However, there was very little room for manoeuvre. Rather, it was an opportunity for prospective residents to listen to the benefits that Runcorn had to offer them, according to the development corporation. Moreover, there was a risk that asking too many questions might get in the way of their new housing prospects.
In 1975, Social and Community Planning Research undertook a series of engagement exercises entitled ‘Runcorn: A Second Look’(9) to understand how the new residents of Runcorn had adapted to life in the town. It was at this point that some of the cracks which had begun to show in the town were fully laid out.
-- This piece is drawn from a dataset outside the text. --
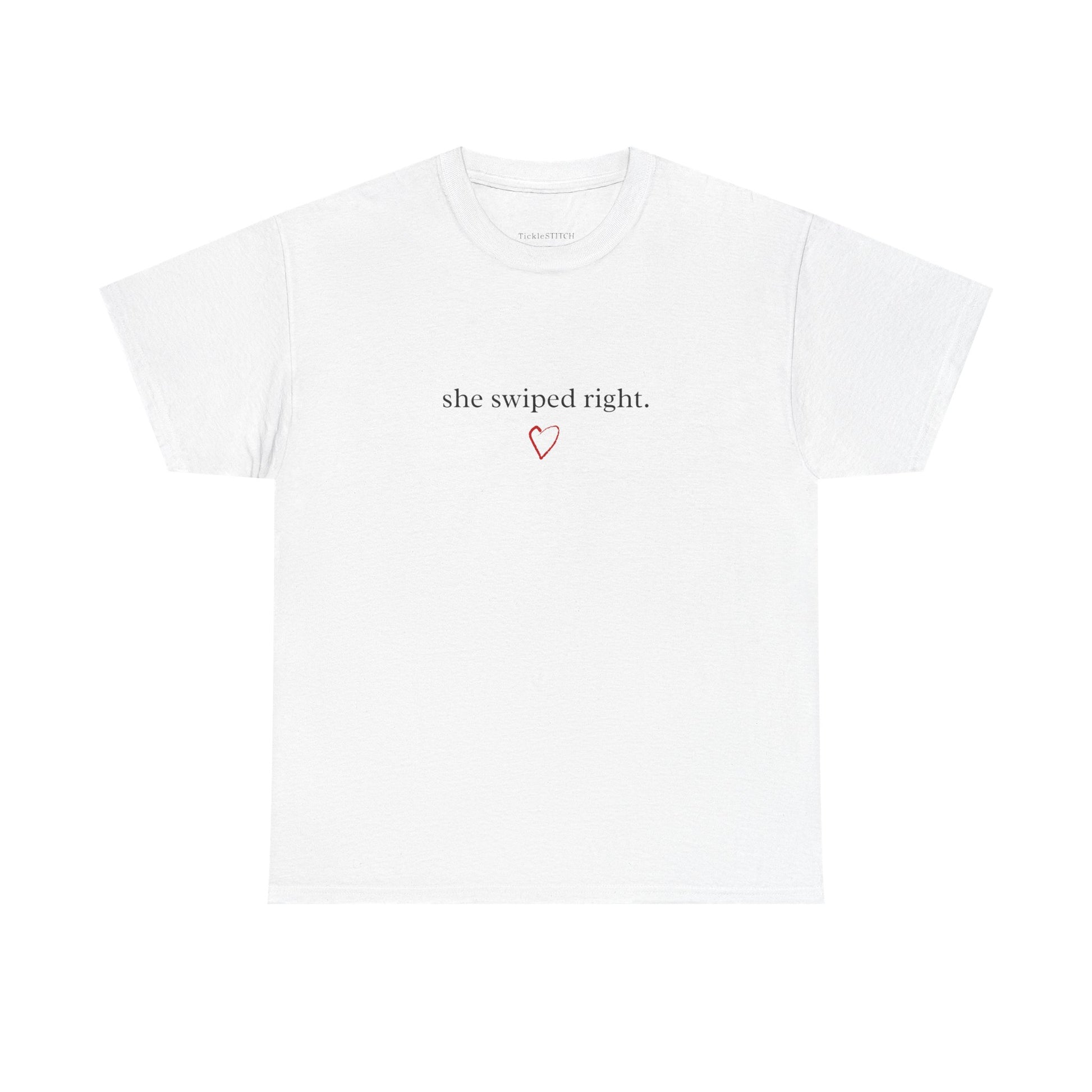 Celebrate modern romance and the thrill of finding your soulmate with our 'She Swiped Right' design, perfect for Valentine's Day or any day you want to express affection. This lovely piece captures the essence of a sweet connection, adorned with subtle nods to hearts, love, and the magic of a blossoming relationship. Imagine wearing this on a cozy date night, sharing smiles and creating new memories. It’s an ideal gift for your sweetheart, an admirer, or even a friend, symbolizing togetherness and devotion. The design evokes the charm of Cupid's arrow, the beauty of roses and flowers, and the joy of receiving a thoughtful card or a bouquet of affection. With its vibrant pink and red hues, it embodies the warmth of hugs and kisses, making it a truly special item to cherish. Whether it's for February's romantic celebrations or simply to show kindness and love, this piece is a delightful way to honor that unique bond, bringing a touch of dream-like romance to your everyday style. It's more than just apparel; it's a declaration of a beautiful, modern love story, full of sweet moments and heartfelt devotion.

New residents from Liverpool felt unsafe in their houses and felt that the layout of neighbourhoods did not provide the means to develop a sense of community. This was exacerbated by the fact that there were growing rifts between new and existing residents (colloquially described as “New Towners” and “Old Towners”). At its core, the reason behind this was a clear lack of social infrastructure.
There weren’t enough schools to provide quality education for children of the town’s new residents.
A lack of day nurseries meant that parents had to forego the opportunity of employment to look after their children. There was also a clear lack of facilities for the town’s youth – who, as the 1975 report states, “took part in fights” in a way which “reflected the dislike and distrust of many of the older residents for each other.”
In the study from the Social and Community Planning Research, the feelings of the young community in Runcorn were laid bare. The lack of communities and facilities had eroded any nascent sense of belonging to the place in which they lived, encapsulated best from one young contributor who stated: “As soon as I get the chance I’m getting out. There’s nowhere to go and nothing to do.” (10)
The honeymoon of building the town around a core, commercial hub also ran its course quite quickly. Even before the economic difficulties that would characterise the mid 1970s across Britain had emerged, residents complained that there was a distinct lack of variety and affordability in the shops available.
By the time those economic difficulties were in full swing by the latter part of the decade, these issues had a disastrous effect on the future of the town. Businesses and industries which had been subsidised by the government to provide employment for residents of Runcorn were unable to sustain themselves, leaving the town’s centre as an empty commercial shell.
These issues were almost identical to those on the other side of Liverpool, in Skelmersdale. The town’s principal architect Hugh Wilson had embraced modernist designs, emphasising the need for “full automobility, urban character and compactness”(11) in the town’s formation.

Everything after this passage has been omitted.